CERN, the European Organisation for Nuclear Research, is the world's largest high-energy physics research establishment and approximately half of the world's particle physicists use its facilities.
It has embarked on a multi-year effort to find and observe some of the most elusive particles in sub-atomic physics. To find them, CERN is building the largest and highest-energy particle accelerator in the world at its Geneva headquarters. This is the LHC, the Large Hadron Collider (protons belong to a class of subatomic particles called hadrons).
The aim of the LHC is to smash protons together in head-on collisions at high enough energies to create new particles not stable in our Universe today. One such particle is the Higgs boson, which has been described as the Holy Grail of particle physics.
Observation of the Higgs boson could confirm a fundamental part of modern physics theory, and provide a deep explanation to the nature of mass, and why particles such as electrons and protons, the building blocks of the world around us, have such different masses.
The LHC is scheduled to start operating in 2008. It is a world-wide collaboration of over 8000 thousand physicists of over 55 countries. They will all have access to LHC experimental data via a global multi-tiered computing grid. The data generated during the multi-year LHC project is expected to dwarf every other scientific experiment in history, amounting to an incredible 15 petabytes a year.
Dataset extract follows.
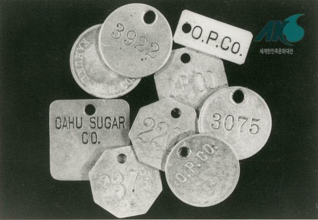 개항기 미국 하와이 초기 한인 사탕수수 농장 이주 노동자들이 목에 걸고 다녔던 알루미늄 번호표.

A petabyte is one million gigabytes, equivalent to some 200,000 DVDs. To put that in perspective, CERN, established in 1954 and therefore active for 53 years, currently holds eight petabytes of historic physics data. This is going to almost double in the first year of the LHC's operation, and carry on swelling year by year because of the flood of LHC data.
The data flood will involve I/O rates of over 1GB/sec. That's equivalent to storing a movie on DVD every four seconds.
None of this Niagara of data can be lost, not one byte of it. The primary storage medium will be tape, in T10000 and 3592 formats, stored in IBM 3584 and Sun StorageTek StreamLine tape libraries. Nothing else is remotely feasible as only tape has the capacity and cost that allows the data to be kept semi-online inside a library. It will require tens of thousands of tape cartridges and CERN must have confidence that the data, once written, can be read.
Duty of care
Tape error rates, though very low, will be a major consideration for CERN. Doctor Charles Curran is the Storage Consultant and physicist at CERN responsible for its tape storage operations. He said: "We are probably one of the biggest data holders in the world with our eight petabytes of physics data. Because of the LHC project the number of tape cartridges we need will increase markedly. We face a whole series of problems - it could run away from us. We can't throw the data away and we are planning to keep it entirely in automated tape libraries.
"LHC experiments will generate data instantly and we are the bit bucket at the end of this. There will be deep unhappiness if we lose even one percent of this data. We have a duty of care and can't afford to lose data. About one percent of media proves problematical with errors and file mis-reads."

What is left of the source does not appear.